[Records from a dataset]
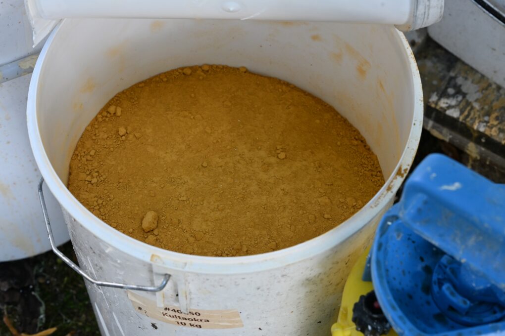 ”Kirkon oikea sävy löytyi lopulta sekoittamalla kultaokraan hieman vihreää umbraa”, kuvailee Matti Liehunen.
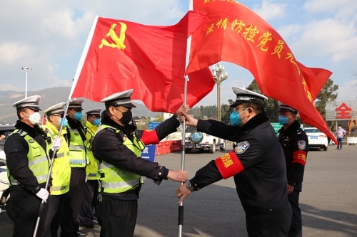 为打赢抗疫战争,安宁市交警大队党员民警接到命令迅速下沉到疫情防控第一线,勠力同心为人民群众筑起平安防线,让党旗飘扬在抗疫战线之上!(杨丽 摄)
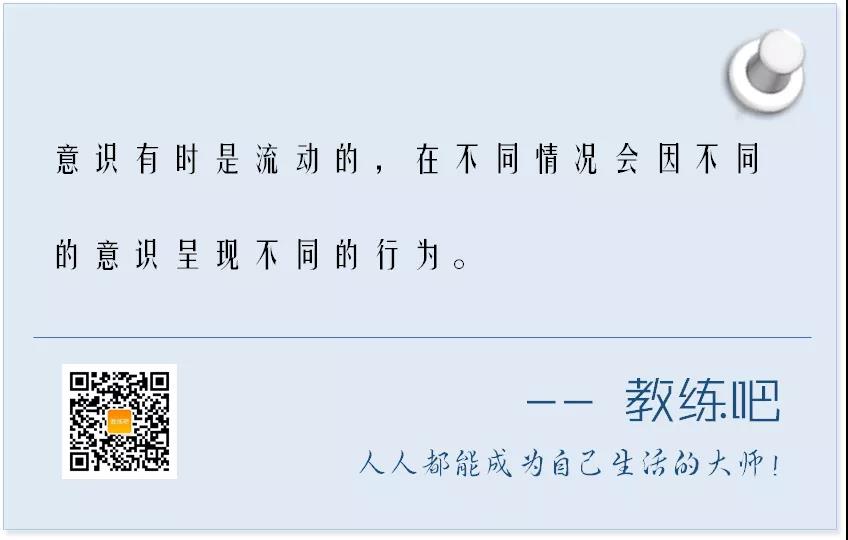 意识有时是流动的,在不同情况会因不同的意识呈现不同的行为。身为教练的我们,当知道这件事时,我们可以更多了解客户当下多状态,用他听的懂的语言和他沟通。
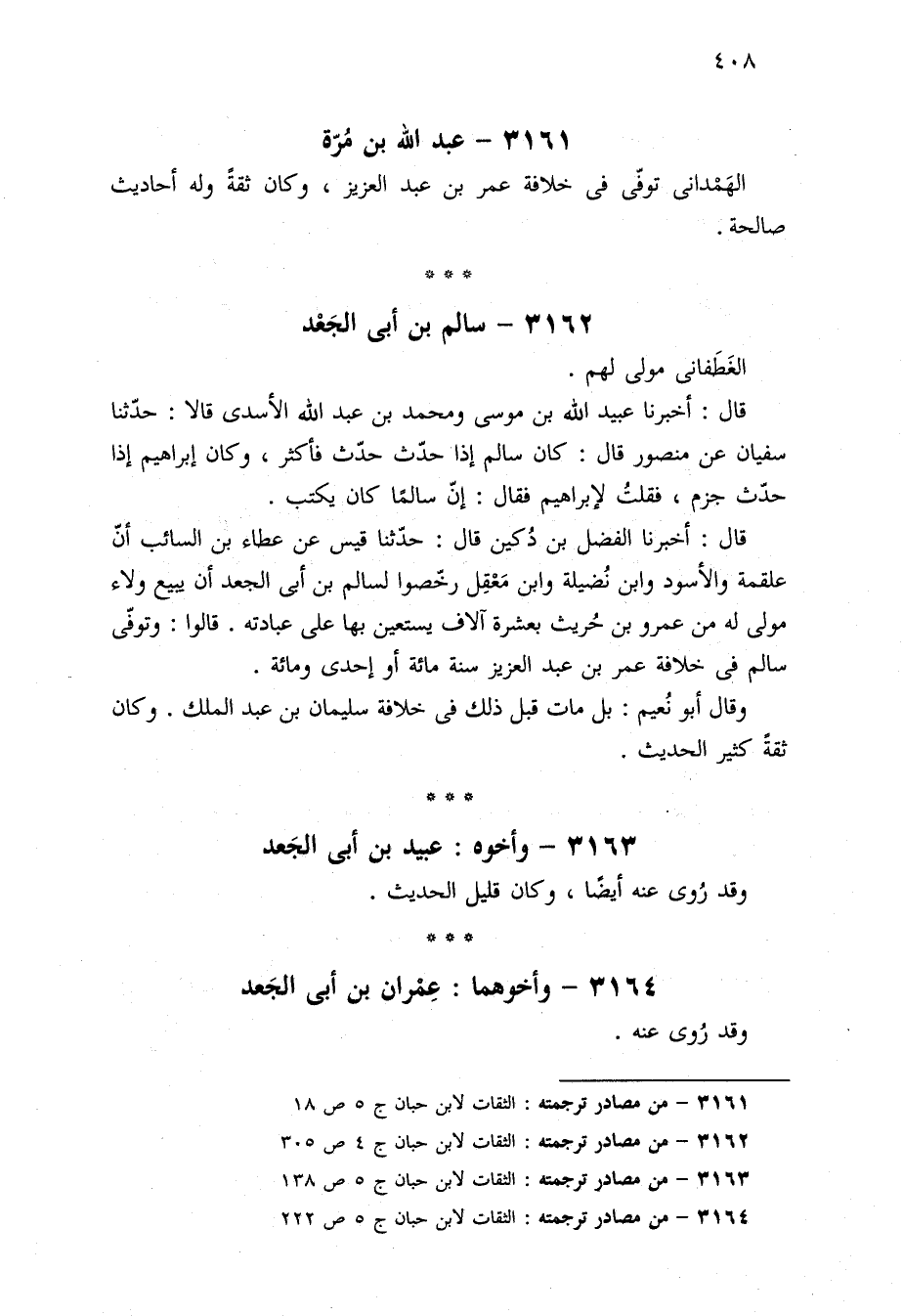 ٣١٦١ - من مصادر ترجمته: الثقات لابن حبان ج ٥ ص ١٨.
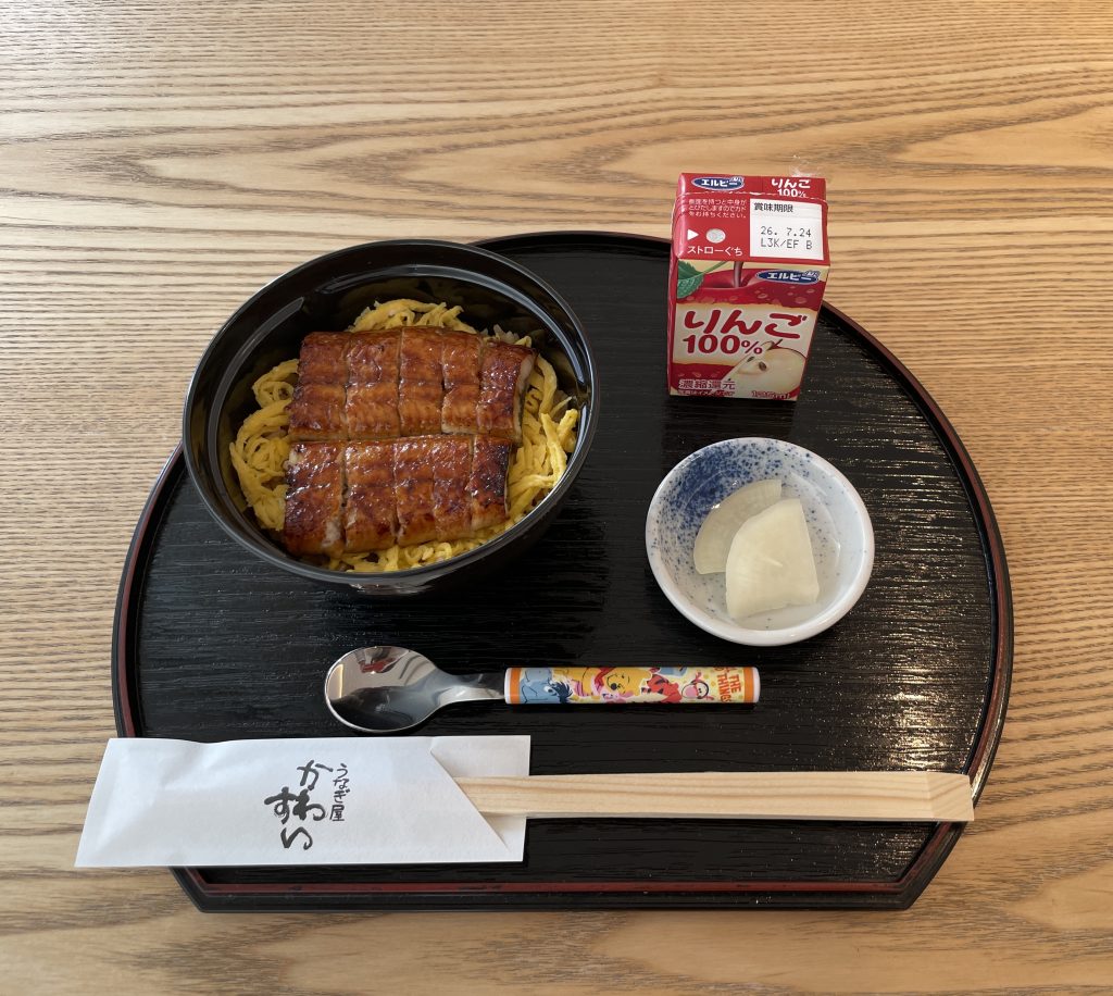 ●お子様うな丼 ミニジュース付き 1200円(税込) ※小学生以下限定
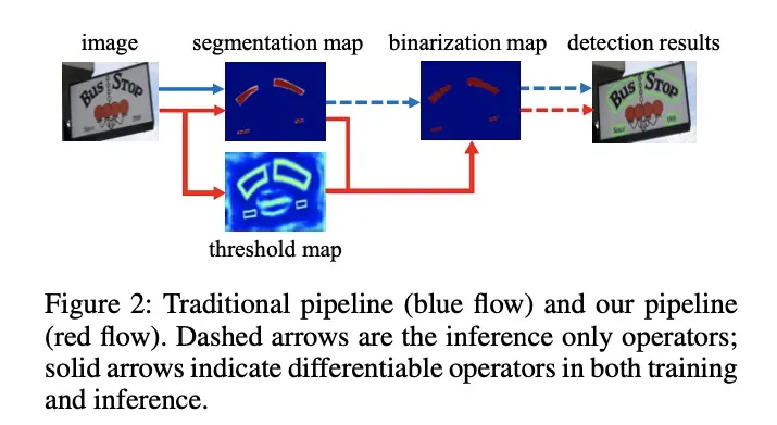 - 传统意义二值化:基于分割的文本检测算法其流程如图 2 中的蓝色箭头所示。在传统方法中得到分割结果之后采用一个固定阈值得到二值化的分割图
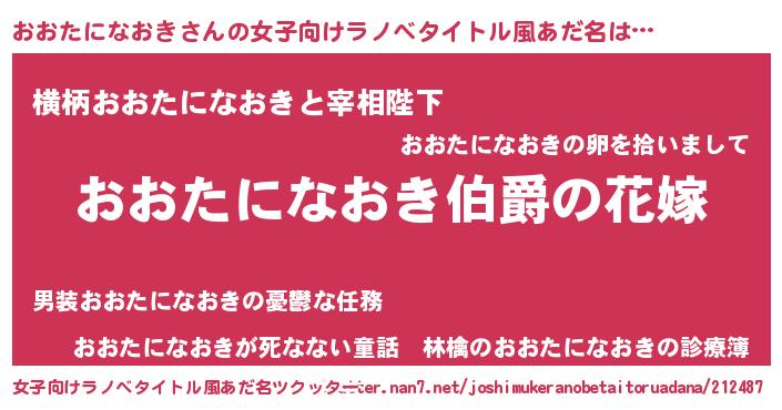 おおたになおきさんの女子向けラノベタイトル風あだ名は… 『おおたになおき伯爵の花嫁』『横柄おおたになおきと宰相陛下』『おおたになおきが死なない童話 林檎のおおたになおきの診療簿』 ツクッター #女子向けラノベタイトル風あだ名ツクッター http://tkutter.nan7.net/joshimukeranobetaitoruadana/212487/
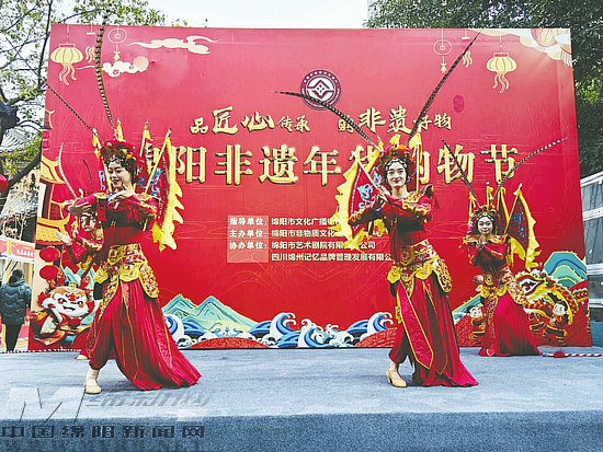 當(dāng)天上午,綿陽非遺年貨購物節(jié)舞臺展演活動在戲曲舞蹈《大國英姿》中拉開大幕,隨后,歌曲《媽在家就在》、葫蘆絲獨奏《月光下的鳳尾竹》、羌族舞蹈《羌家姑娘》、川劇絕技《變臉吐火》等精彩節(jié)目輪番上演,贏得現(xiàn)場觀眾掌聲連連,不少人拿起手機(jī)記錄精彩瞬間,并分享到朋友圈。

▶ EXERCISE INSTRUCTIONS
Your answer must be an exact copy of the lines from the line with "- 传统意义二值化:基于分割的文本检测算法其流程如图 2" to the final line of the data, both ends included, and no pictures.

▶ REPLY TO THE TASK
 - 传统意义二值化:基于分割的文本检测算法其流程如图 2 中的蓝色箭头所示。在传统方法中得到分割结果之后采用一个固定阈值得到二值化的分割图
 おおたになおきさんの女子向けラノベタイトル風あだ名は… 『おおたになおき伯爵の花嫁』『横柄おおたになおきと宰相陛下』『おおたになおきが死なない童話 林檎のおおたになおきの診療簿』 ツクッター #女子向けラノベタイトル風あだ名ツクッター http://tkutter.nan7.net/joshimukeranobetaitoruadana/212487/
 當(dāng)天上午,綿陽非遺年貨購物節(jié)舞臺展演活動在戲曲舞蹈《大國英姿》中拉開大幕,隨后,歌曲《媽在家就在》、葫蘆絲獨奏《月光下的鳳尾竹》、羌族舞蹈《羌家姑娘》、川劇絕技《變臉吐火》等精彩節(jié)目輪番上演,贏得現(xiàn)場觀眾掌聲連連,不少人拿起手機(jī)記錄精彩瞬間,并分享到朋友圈。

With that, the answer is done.